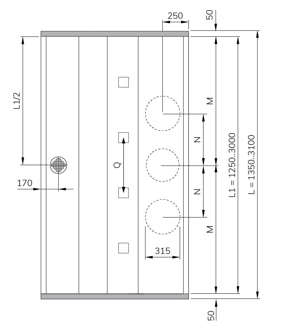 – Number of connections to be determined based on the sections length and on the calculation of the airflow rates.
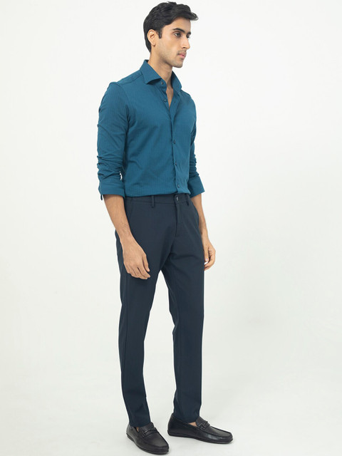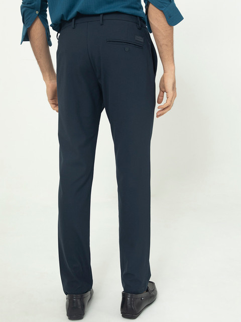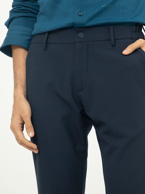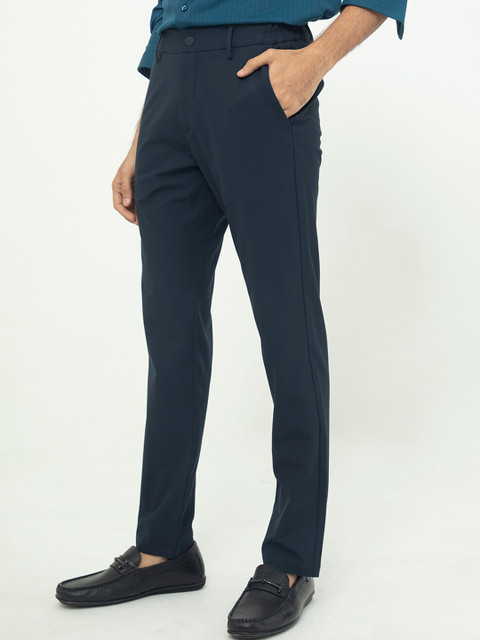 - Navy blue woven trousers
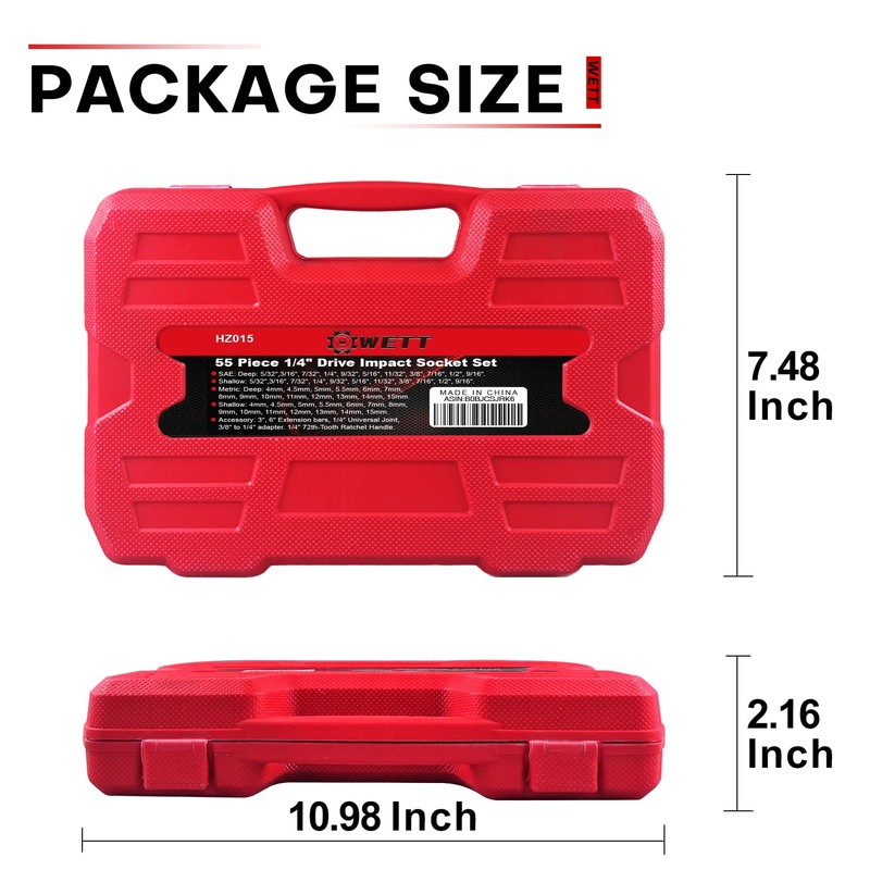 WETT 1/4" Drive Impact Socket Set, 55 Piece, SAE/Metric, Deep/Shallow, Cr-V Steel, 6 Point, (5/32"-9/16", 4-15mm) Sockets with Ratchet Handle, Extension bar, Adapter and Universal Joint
* * *
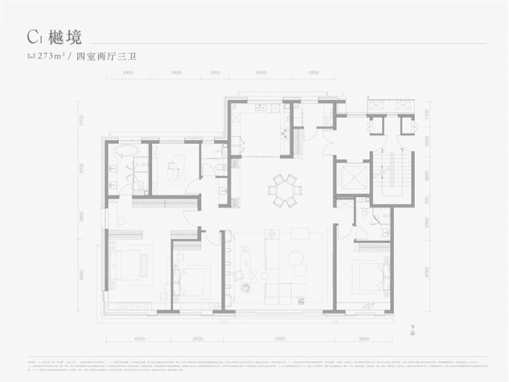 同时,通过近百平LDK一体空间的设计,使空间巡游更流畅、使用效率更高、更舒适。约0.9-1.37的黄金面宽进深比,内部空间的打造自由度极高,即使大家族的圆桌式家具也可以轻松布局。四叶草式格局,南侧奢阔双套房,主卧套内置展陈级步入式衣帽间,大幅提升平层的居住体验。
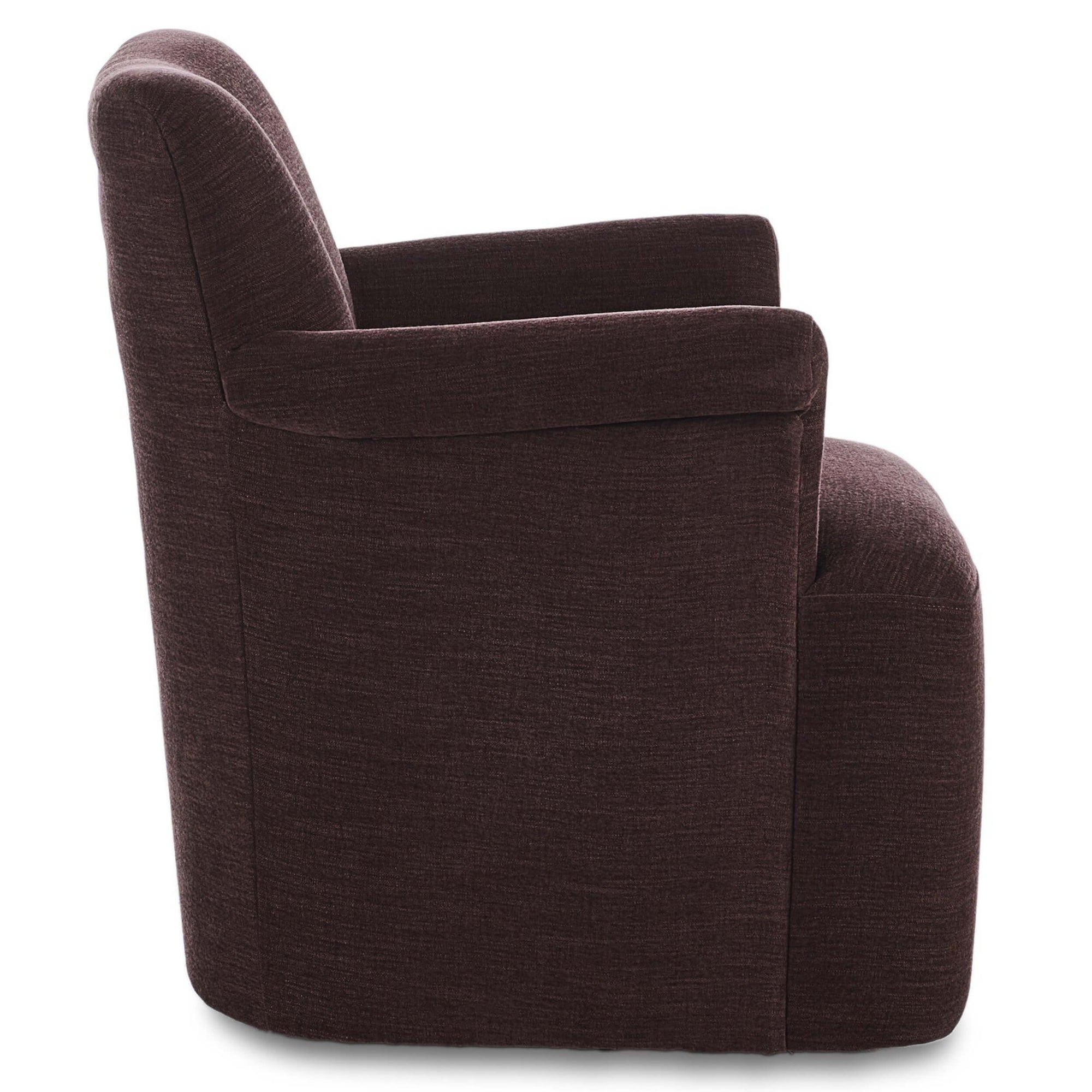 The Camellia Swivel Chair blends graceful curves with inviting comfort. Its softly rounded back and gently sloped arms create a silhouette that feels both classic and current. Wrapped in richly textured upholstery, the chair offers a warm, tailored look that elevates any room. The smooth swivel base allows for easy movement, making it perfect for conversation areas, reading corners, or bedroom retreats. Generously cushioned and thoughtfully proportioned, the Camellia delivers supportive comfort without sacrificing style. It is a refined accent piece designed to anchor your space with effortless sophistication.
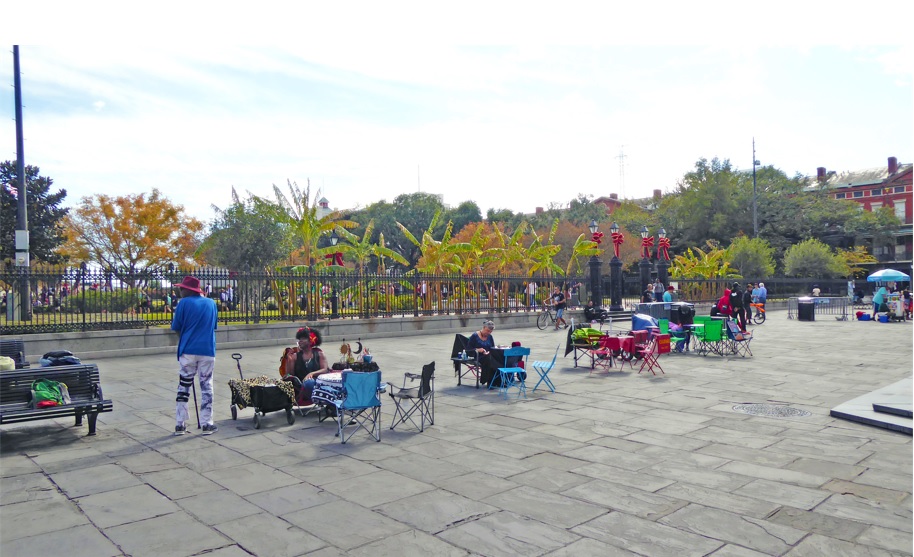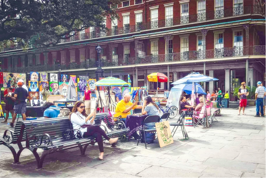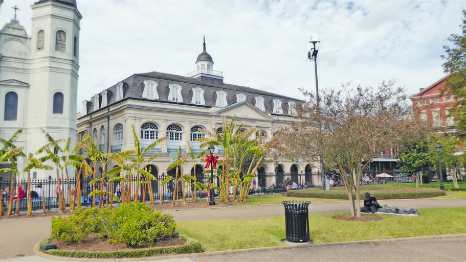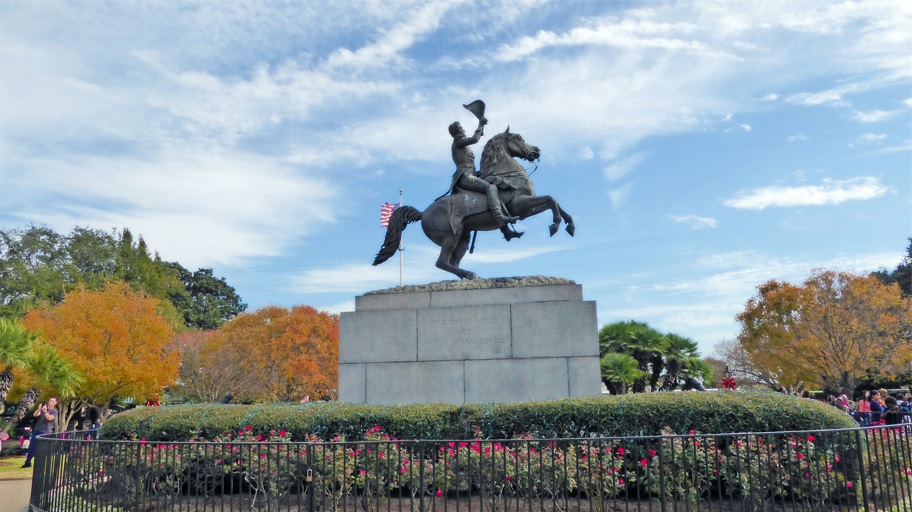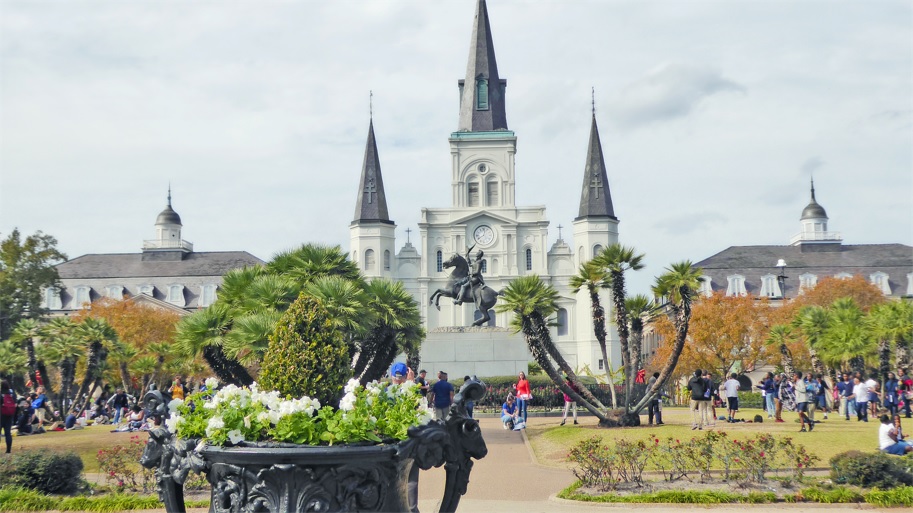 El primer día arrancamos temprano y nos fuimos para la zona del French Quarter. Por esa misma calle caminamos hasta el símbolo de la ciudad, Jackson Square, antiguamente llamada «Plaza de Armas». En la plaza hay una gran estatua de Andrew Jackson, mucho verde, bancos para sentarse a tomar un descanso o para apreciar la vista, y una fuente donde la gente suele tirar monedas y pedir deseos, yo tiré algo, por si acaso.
* * *
== DESCRIPTION OF THE TASK ==
Leaving all pictures out, output exactly the lines of the material above from the line with "The Camellia Swivel" to the line with "El primer día", both included.

== TASK ANSWER ==
 The Camellia Swivel Chair blends graceful curves with inviting comfort. Its softly rounded back and gently sloped arms create a silhouette that feels both classic and current. Wrapped in richly textured upholstery, the chair offers a warm, tailored look that elevates any room. The smooth swivel base allows for easy movement, making it perfect for conversation areas, reading corners, or bedroom retreats. Generously cushioned and thoughtfully proportioned, the Camellia delivers supportive comfort without sacrificing style. It is a refined accent piece designed to anchor your space with effortless sophistication.
 El primer día arrancamos temprano y nos fuimos para la zona del French Quarter. Por esa misma calle caminamos hasta el símbolo de la ciudad, Jackson Square, antiguamente llamada «Plaza de Armas». En la plaza hay una gran estatua de Andrew Jackson, mucho verde, bancos para sentarse a tomar un descanso o para apreciar la vista, y una fuente donde la gente suele tirar monedas y pedir deseos, yo tiré algo, por si acaso.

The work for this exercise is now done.